Start of Dataset section

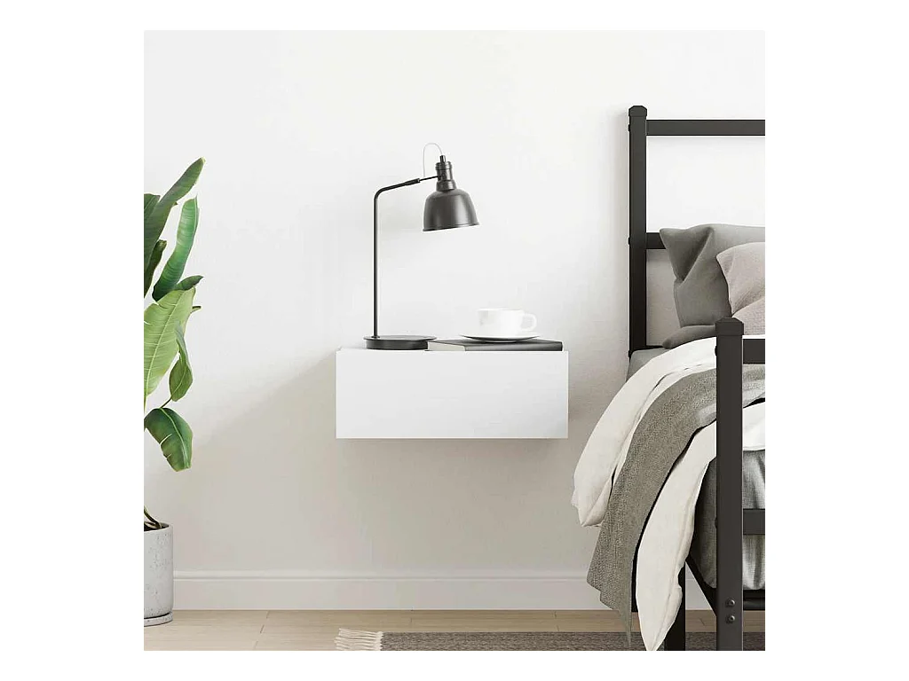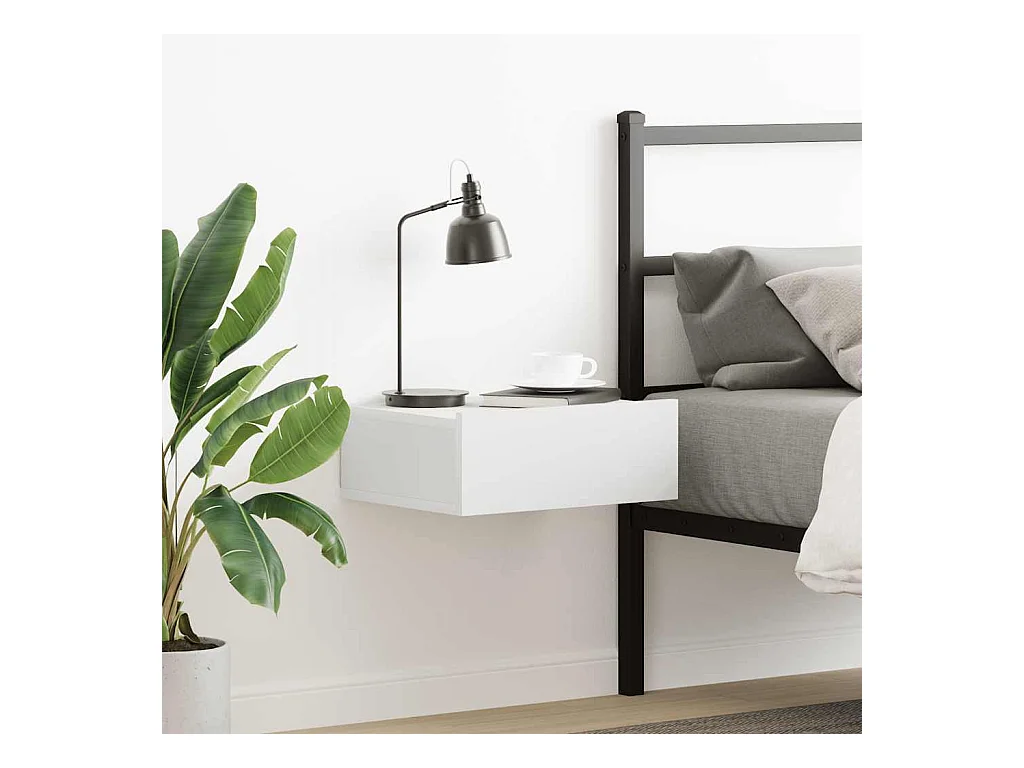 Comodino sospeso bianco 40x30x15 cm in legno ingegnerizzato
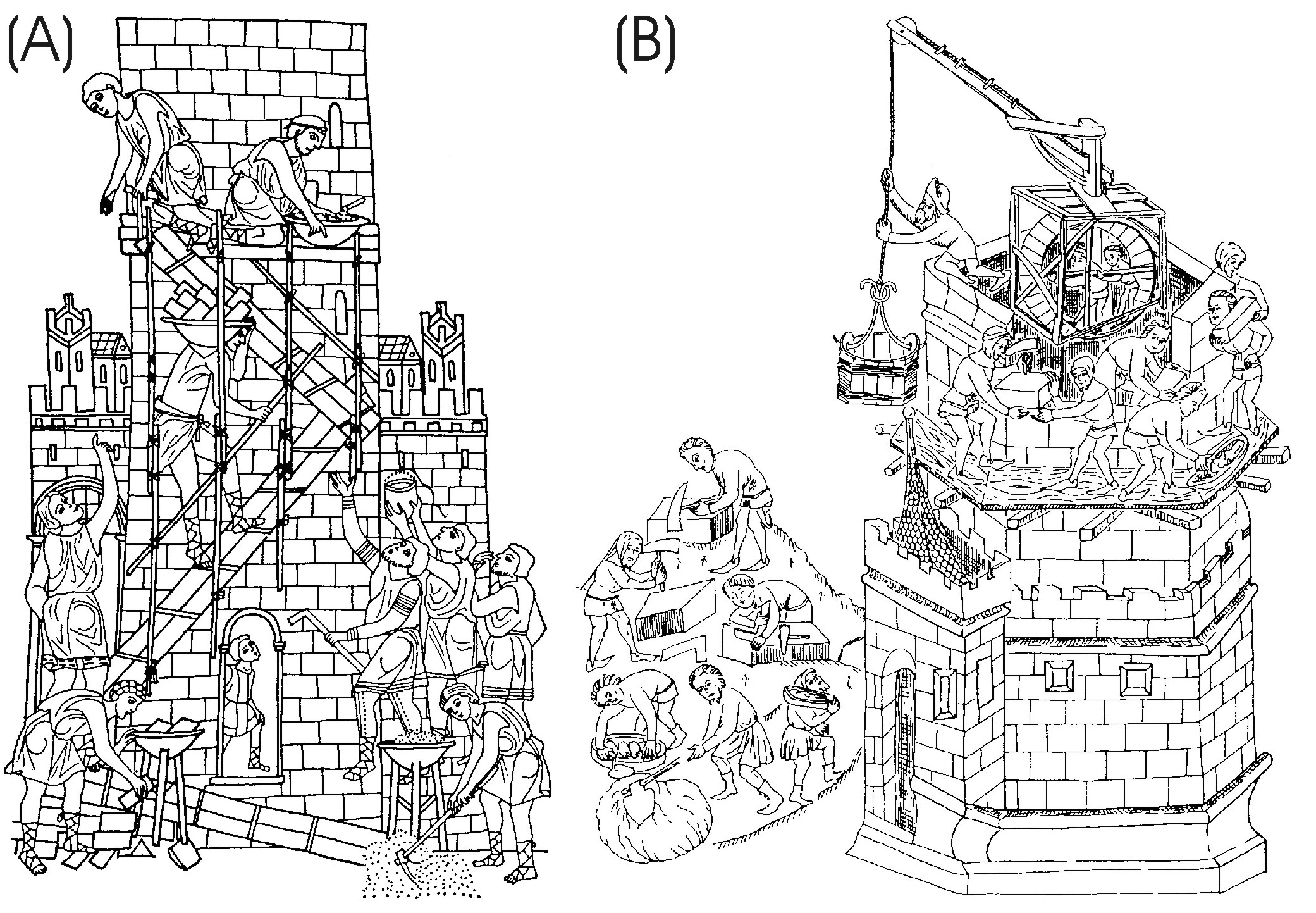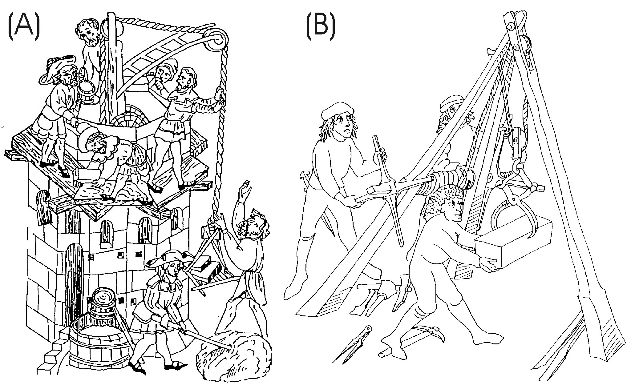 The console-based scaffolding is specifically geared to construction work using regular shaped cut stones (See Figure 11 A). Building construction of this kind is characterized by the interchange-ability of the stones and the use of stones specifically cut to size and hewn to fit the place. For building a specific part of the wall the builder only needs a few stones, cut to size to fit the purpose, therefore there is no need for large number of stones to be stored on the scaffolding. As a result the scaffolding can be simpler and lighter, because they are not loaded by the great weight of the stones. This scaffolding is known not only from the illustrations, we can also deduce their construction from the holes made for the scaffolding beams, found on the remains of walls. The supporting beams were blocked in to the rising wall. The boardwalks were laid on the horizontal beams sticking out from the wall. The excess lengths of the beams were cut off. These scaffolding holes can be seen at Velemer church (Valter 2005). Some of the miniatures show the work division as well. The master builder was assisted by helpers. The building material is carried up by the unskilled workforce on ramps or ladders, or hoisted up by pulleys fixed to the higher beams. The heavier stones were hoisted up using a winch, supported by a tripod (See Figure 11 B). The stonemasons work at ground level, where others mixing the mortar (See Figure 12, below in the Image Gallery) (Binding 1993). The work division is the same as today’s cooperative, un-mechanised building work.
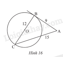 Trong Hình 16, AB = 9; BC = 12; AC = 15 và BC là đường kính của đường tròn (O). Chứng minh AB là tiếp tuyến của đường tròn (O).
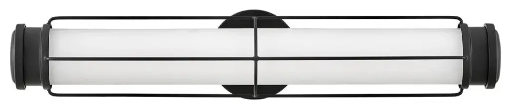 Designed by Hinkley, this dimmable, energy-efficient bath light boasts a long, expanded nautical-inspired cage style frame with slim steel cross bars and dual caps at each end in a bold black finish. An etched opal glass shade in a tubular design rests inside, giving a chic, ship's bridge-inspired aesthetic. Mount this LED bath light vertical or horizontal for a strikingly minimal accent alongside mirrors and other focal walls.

End of Dataset section

**Activity:** Strip out the pictures and quote the remaining data word for word.

**Your response:**
 Comodino sospeso bianco 40x30x15 cm in legno ingegnerizzato
 The console-based scaffolding is specifically geared to construction work using regular shaped cut stones (See Figure 11 A). Building construction of this kind is characterized by the interchange-ability of the stones and the use of stones specifically cut to size and hewn to fit the place. For building a specific part of the wall the builder only needs a few stones, cut to size to fit the purpose, therefore there is no need for large number of stones to be stored on the scaffolding. As a result the scaffolding can be simpler and lighter, because they are not loaded by the great weight of the stones. This scaffolding is known not only from the illustrations, we can also deduce their construction from the holes made for the scaffolding beams, found on the remains of walls. The supporting beams were blocked in to the rising wall. The boardwalks were laid on the horizontal beams sticking out from the wall. The excess lengths of the beams were cut off. These scaffolding holes can be seen at Velemer church (Valter 2005). Some of the miniatures show the work division as well. The master builder was assisted by helpers. The building material is carried up by the unskilled workforce on ramps or ladders, or hoisted up by pulleys fixed to the higher beams. The heavier stones were hoisted up using a winch, supported by a tripod (See Figure 11 B). The stonemasons work at ground level, where others mixing the mortar (See Figure 12, below in the Image Gallery) (Binding 1993). The work division is the same as today’s cooperative, un-mechanised building work.
 Trong Hình 16, AB = 9; BC = 12; AC = 15 và BC là đường kính của đường tròn (O). Chứng minh AB là tiếp tuyến của đường tròn (O).
 Designed by Hinkley, this dimmable, energy-efficient bath light boasts a long, expanded nautical-inspired cage style frame with slim steel cross bars and dual caps at each end in a bold black finish. An etched opal glass shade in a tubular design rests inside, giving a chic, ship's bridge-inspired aesthetic. Mount this LED bath light vertical or horizontal for a strikingly minimal accent alongside mirrors and other focal walls.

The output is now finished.